It is one big challenge, for some parents to get their kids to eat healthily. Although some children love to eat fruits and vegetables, many just don’t want to eat them.
The childhood needs the essential nutrients for their growth and development. A kids diet should be varied and should include a selection of foods from all the 5 food groups so that they get a wide range of nutrients—it is important for kids.
When it comes to nutrition and healthy eating habits, it is very important that you set a good example for a kid the importance of a healthy eating by consuming nutritious meals and various other nutrients. The child has very different needs from adults.
What a Suitable Diet for Kid?
Starchy foods: children need a source of carbohydrate in each meal. These foods should make up a large part of a child’s diet. For example, bread, cereals, potatoes, rice, pasta.
Fruit and vegetables: fresh, tinned, frozen and dried fruit and vegetables. To encourage children to like these types of food they should be given 2-3 servings from as wide a range as possible each day.
Dairy foods: milk, yogurt, and cheese can be a useful source of energy for growth and the absorption of essential absorbed calcium. Children under the age of 5 should not have fat reduced milk such as semi-skimmed milk, while children over 5 can move onto semi-skimmed milk
Meat and proteins: meat, poultry, fish, eggs, beans, lentils, nuts. Proteins are essential to functions including growth, brain development, and healthy bones. Children should eat 2 or 3 portions a day.
Fatty and Sugary foods: while fats can be a useful source of energy for children under 5, foods which provide some nutritional value as well as fat should be chosen, for example, milk, lean meat, oily fish, cheese and yogurt rather than cake, crisps, chocolate, and pastry.
What Your Kids Should Be Healthy Eating?
The Food Pyramid, for Children, shows which children should be receiving a wide variety of healthy food that contains a wide variety of nutrients. The categories include Dairy products like milk, eggs, and yogurt, as well as grains, meats, fish, fruits, and vegetables, include the following…

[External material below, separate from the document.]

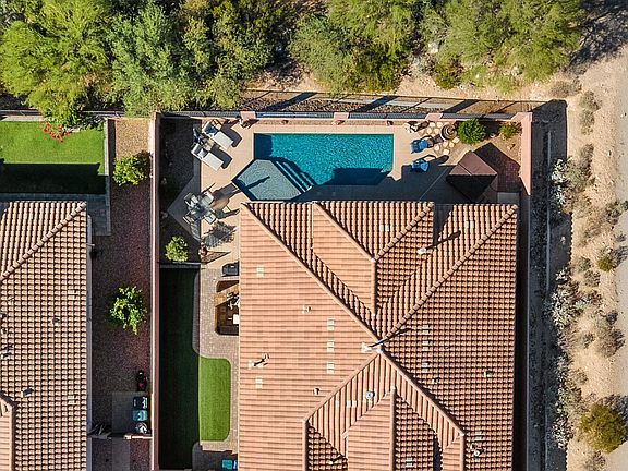 Built by Mattamy in 2017, this stunning Painted Sky floor plan is tucked away on a premium cul-de-sac end lot, providing the utmost in privacy and comfort. This home boasts luxurious standard upgrades along with an impressive 13x10 enclosed Arizona room featuring precision anti-glare casement windows.Enjoy the breathtaking Northern and Southern exposure, which opens up to captivating views of the mountains, desert, and sunsets. Unwind in the stylish heated saltwater pool, elegantly surrounded by Kool decking and lush synthetic grass, or indulge in the Max Vita ''Prestige'' above-ground spa - perfect for relaxation.Additional upgrades enhance your living experience, including Plantation Shutters, a Titan Security screen door, Solar Tubes for natural lighting. All in a Gated Community. In addition the 3 car tandem car includes a sink and overhead storage..

• Carbohydrates in the form of bread, cereal, rice and pasta (6 servings)
• Vegetables (3 servings)
• Fruits (2 servings)
• Dairy products such as milk, cheese and yogurt (2 servings)
• Proteins in the form of meat, poultry, fish, dry beans and eggs (2 servings)
• Fats, oils, and sweets (Use sparingly)
For examples, of healthy food include a breakfast high in fiber such as whole-grain bread, cereals, fruit, yogurt and fresh fruit. and eggs, are the tremendous source of protein and have other healthy benefits. For lunch, a whole grain bread sandwich with low-fat cheese or fat-free lunch meats is a good choice on the go.
Tips: Always check diet for kids. Don’t tire of looking for new healthy recipes, and add more nutritious ingredients to their favorite. To try, different types of protein with each meal and a couple of different vegetables.
While fast food makes it convenient for family to get meals on the go, But they are not ideal for your kids, because of their high-fat content and very low or zero nutritional value.
Check Your Child’s Salt Intake
A large intake of salt in adults can cause high blood pressure. While in children to have too much salt. it’s also unlikely to be healthy. A avoid adding salt when eating meals and foods high in salt should also be avoided for the child.
Children only need a very small amount of salt in their diet. Unfortunately salt is often used as a flavor enhancer and so is widely used in the food industry, even for food specifically for children.
These are only some of the healthy eating tips for kids. so it’s important to instill good habits and a healthy relationship with food from an early age.